§ **The data**

----------

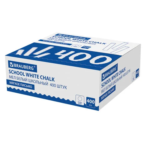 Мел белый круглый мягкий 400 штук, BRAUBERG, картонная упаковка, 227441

----------

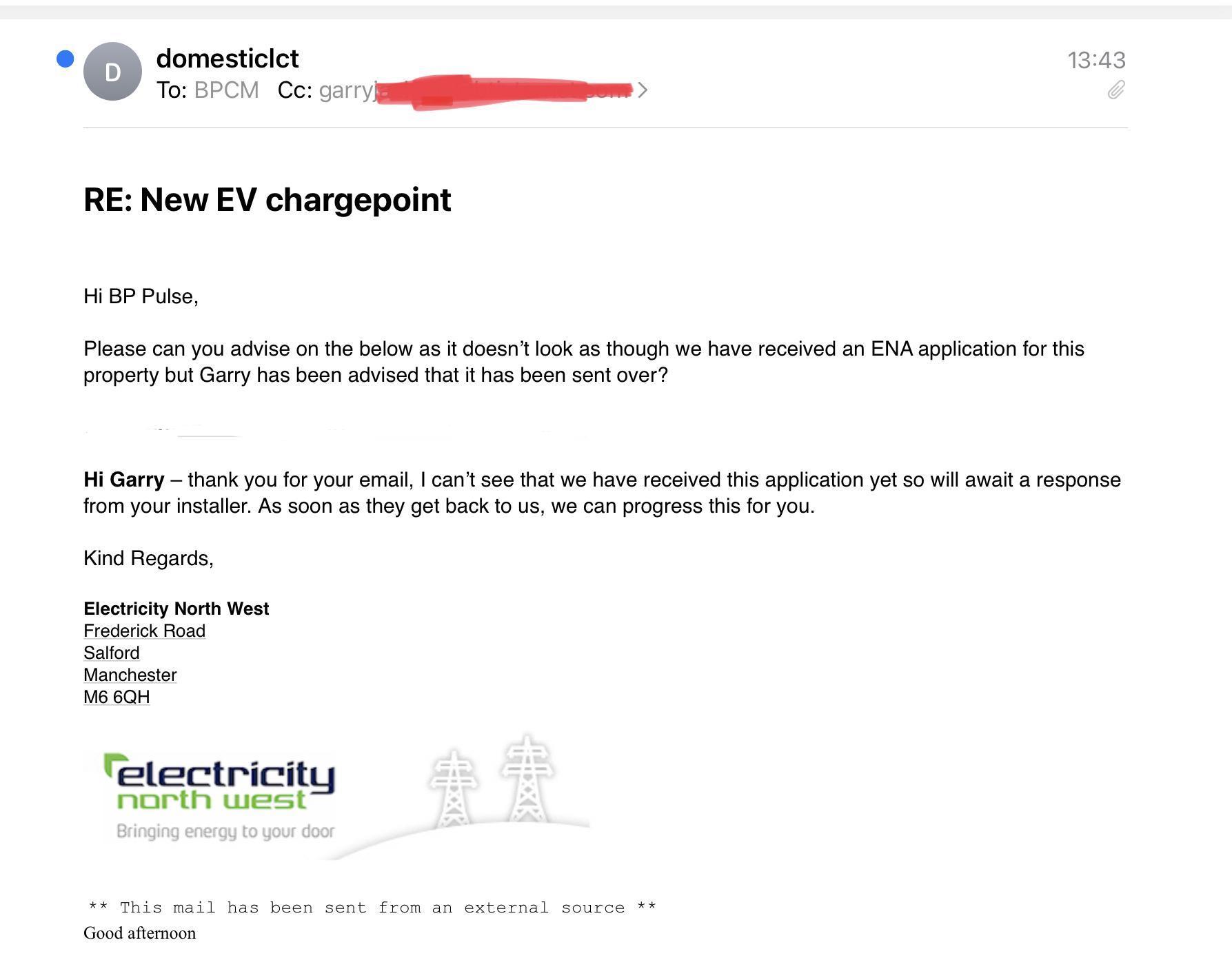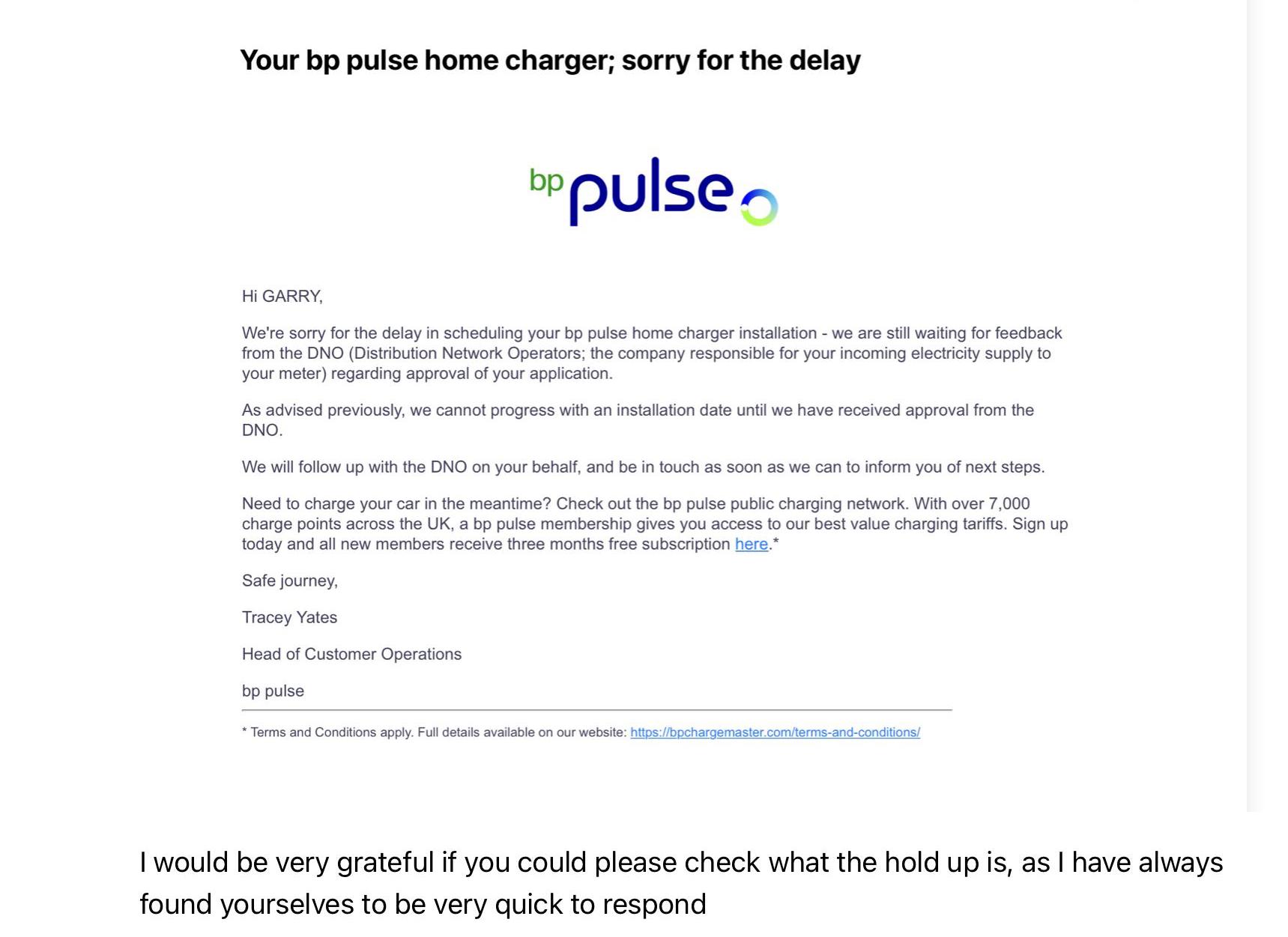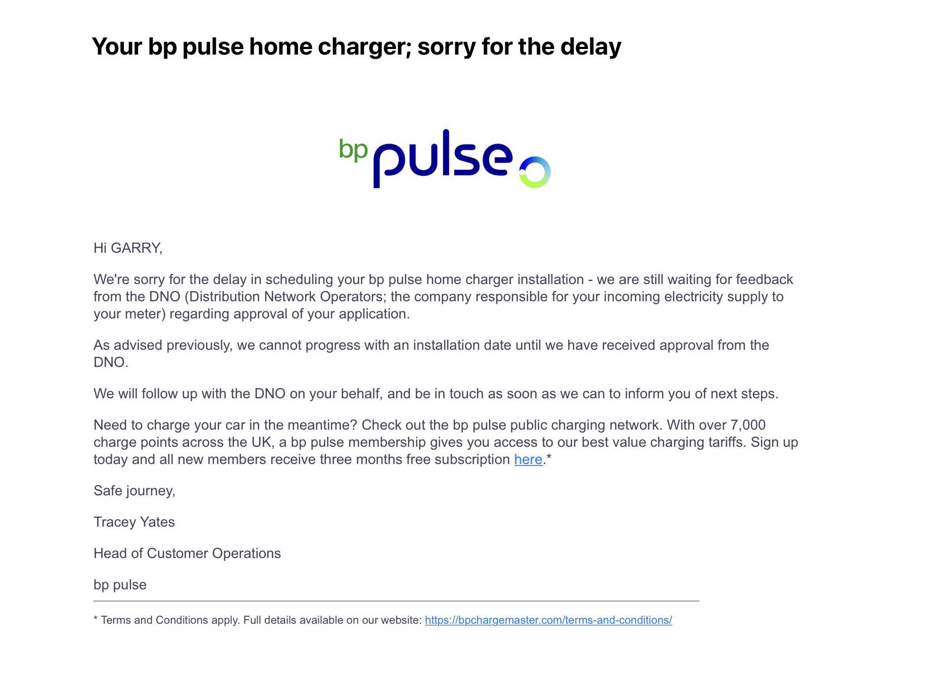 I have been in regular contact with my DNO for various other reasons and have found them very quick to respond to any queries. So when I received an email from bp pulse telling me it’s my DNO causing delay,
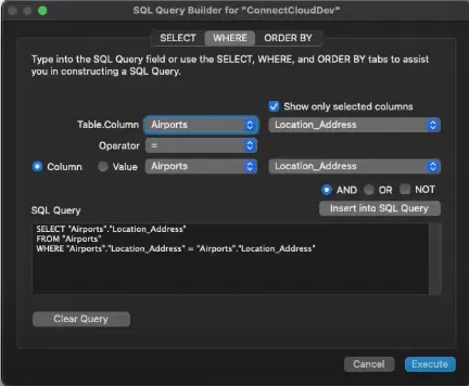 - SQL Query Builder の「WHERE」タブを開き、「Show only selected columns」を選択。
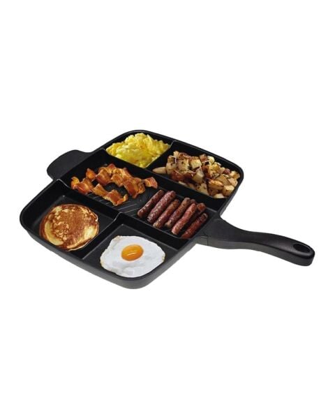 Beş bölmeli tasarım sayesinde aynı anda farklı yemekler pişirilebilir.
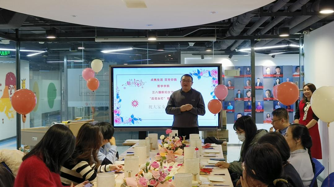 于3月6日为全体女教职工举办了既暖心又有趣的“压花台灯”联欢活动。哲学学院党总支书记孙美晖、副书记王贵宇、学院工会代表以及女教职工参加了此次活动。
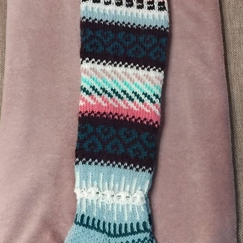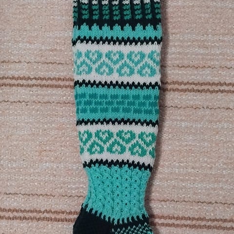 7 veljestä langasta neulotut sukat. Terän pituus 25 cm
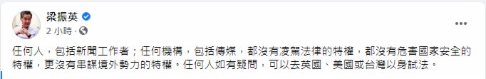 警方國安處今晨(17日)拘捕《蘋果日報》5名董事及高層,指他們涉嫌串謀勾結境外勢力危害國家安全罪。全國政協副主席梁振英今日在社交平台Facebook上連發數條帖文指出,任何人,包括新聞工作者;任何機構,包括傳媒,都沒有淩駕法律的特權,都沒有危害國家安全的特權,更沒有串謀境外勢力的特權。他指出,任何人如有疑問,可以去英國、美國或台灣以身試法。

----------

§ **Action item**
In the records above, find the line with "于3月6日为全体女教职工举办" and the line with "警方國安處今晨(17日)拘捕". Write out exactly those lines and every one between, with no pictures and no other lines.

§ **Response to the task**
 于3月6日为全体女教职工举办了既暖心又有趣的“压花台灯”联欢活动。哲学学院党总支书记孙美晖、副书记王贵宇、学院工会代表以及女教职工参加了此次活动。
 7 veljestä langasta neulotut sukat. Terän pituus 25 cm
 警方國安處今晨(17日)拘捕《蘋果日報》5名董事及高層,指他們涉嫌串謀勾結境外勢力危害國家安全罪。全國政協副主席梁振英今日在社交平台Facebook上連發數條帖文指出,任何人,包括新聞工作者;任何機構,包括傳媒,都沒有淩駕法律的特權,都沒有危害國家安全的特權,更沒有串謀境外勢力的特權。他指出,任何人如有疑問,可以去英國、美國或台灣以身試法。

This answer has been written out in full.